Relation between linear expansion and temprature co-efficiet of resistance
Answers
we will find the relation for small temperature changes.
resistance R = ρ L / A
coefficient of linear expansion = α
length of conductor: L = L₀ ( 1 + α ΔT) ΔL = α L₀ ΔT
β = coefficient of expansion in area : = 2 α
Area of cross section: A = A₀ (1+ 2 α ΔT) ΔA = 2α A₀ ΔT
Resistivity ρ = ρ₀ (1 + Aρ ΔT) Δρ = ρ₀ Aρ ΔT
Resistance R = R₀ (1 + Ar ΔT) : ΔR = Ar R₀ ΔT
If ΔA = 2 α ΔT is very small then, and for small ΔT,
R₀ = ρ₀ L₀ / A₀
R = ρ₀ (1 + Aρ ΔT) L₀ (1 + α ΔT) / [ A₀ (1 + 2 α ΔT) ]
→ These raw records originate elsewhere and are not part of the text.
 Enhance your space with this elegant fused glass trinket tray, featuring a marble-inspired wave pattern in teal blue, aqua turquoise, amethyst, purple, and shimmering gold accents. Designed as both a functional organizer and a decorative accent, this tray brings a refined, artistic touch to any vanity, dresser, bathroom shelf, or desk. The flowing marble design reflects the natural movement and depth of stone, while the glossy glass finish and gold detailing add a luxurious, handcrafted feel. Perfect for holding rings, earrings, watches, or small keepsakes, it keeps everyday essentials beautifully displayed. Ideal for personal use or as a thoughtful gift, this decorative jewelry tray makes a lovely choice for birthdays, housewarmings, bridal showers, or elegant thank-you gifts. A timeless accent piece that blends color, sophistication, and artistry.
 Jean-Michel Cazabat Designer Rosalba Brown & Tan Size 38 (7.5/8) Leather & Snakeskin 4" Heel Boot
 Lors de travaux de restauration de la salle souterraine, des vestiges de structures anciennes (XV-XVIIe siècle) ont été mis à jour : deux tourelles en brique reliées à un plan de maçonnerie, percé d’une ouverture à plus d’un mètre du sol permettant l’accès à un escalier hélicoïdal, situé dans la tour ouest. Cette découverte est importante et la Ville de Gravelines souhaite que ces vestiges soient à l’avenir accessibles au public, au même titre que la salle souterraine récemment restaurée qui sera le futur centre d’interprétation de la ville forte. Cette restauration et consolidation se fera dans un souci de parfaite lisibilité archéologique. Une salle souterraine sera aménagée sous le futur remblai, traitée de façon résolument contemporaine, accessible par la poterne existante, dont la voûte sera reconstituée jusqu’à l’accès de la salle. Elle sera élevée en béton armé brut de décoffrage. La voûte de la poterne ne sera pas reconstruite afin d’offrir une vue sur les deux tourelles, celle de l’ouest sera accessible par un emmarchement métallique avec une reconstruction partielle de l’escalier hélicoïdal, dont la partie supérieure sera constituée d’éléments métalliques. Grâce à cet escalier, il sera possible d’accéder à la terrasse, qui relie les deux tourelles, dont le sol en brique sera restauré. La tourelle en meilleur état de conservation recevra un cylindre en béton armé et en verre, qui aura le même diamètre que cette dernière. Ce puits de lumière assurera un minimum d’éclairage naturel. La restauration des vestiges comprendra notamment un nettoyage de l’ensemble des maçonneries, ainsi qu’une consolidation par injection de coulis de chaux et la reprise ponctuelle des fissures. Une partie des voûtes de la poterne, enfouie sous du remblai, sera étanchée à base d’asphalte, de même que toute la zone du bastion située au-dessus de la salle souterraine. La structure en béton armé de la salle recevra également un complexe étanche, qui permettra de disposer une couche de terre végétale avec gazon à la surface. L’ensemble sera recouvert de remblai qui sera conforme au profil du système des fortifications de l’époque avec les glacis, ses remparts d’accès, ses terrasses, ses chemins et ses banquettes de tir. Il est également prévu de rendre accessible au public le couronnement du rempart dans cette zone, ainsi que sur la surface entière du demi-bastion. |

= (ρ₀ L₀ / A₀) (1 + Aρ ΔT) (1 + α ΔT) (1 - 2 α ΔT)
= R₀ (1 + Aρ ΔT) (1 - α ΔT) ignoring the 2 α² ΔT² term
= R₀ [ 1 + (Aρ - α) ΔT ] ignoring the Aρ α ΔT² term
Ar = (Aρ - α)
If the conductor does not expand, then the value of coefficient of resistance is same as the coefficient of resistivity. But as the area of cross section increases with temperature, the coefficient decreases by α.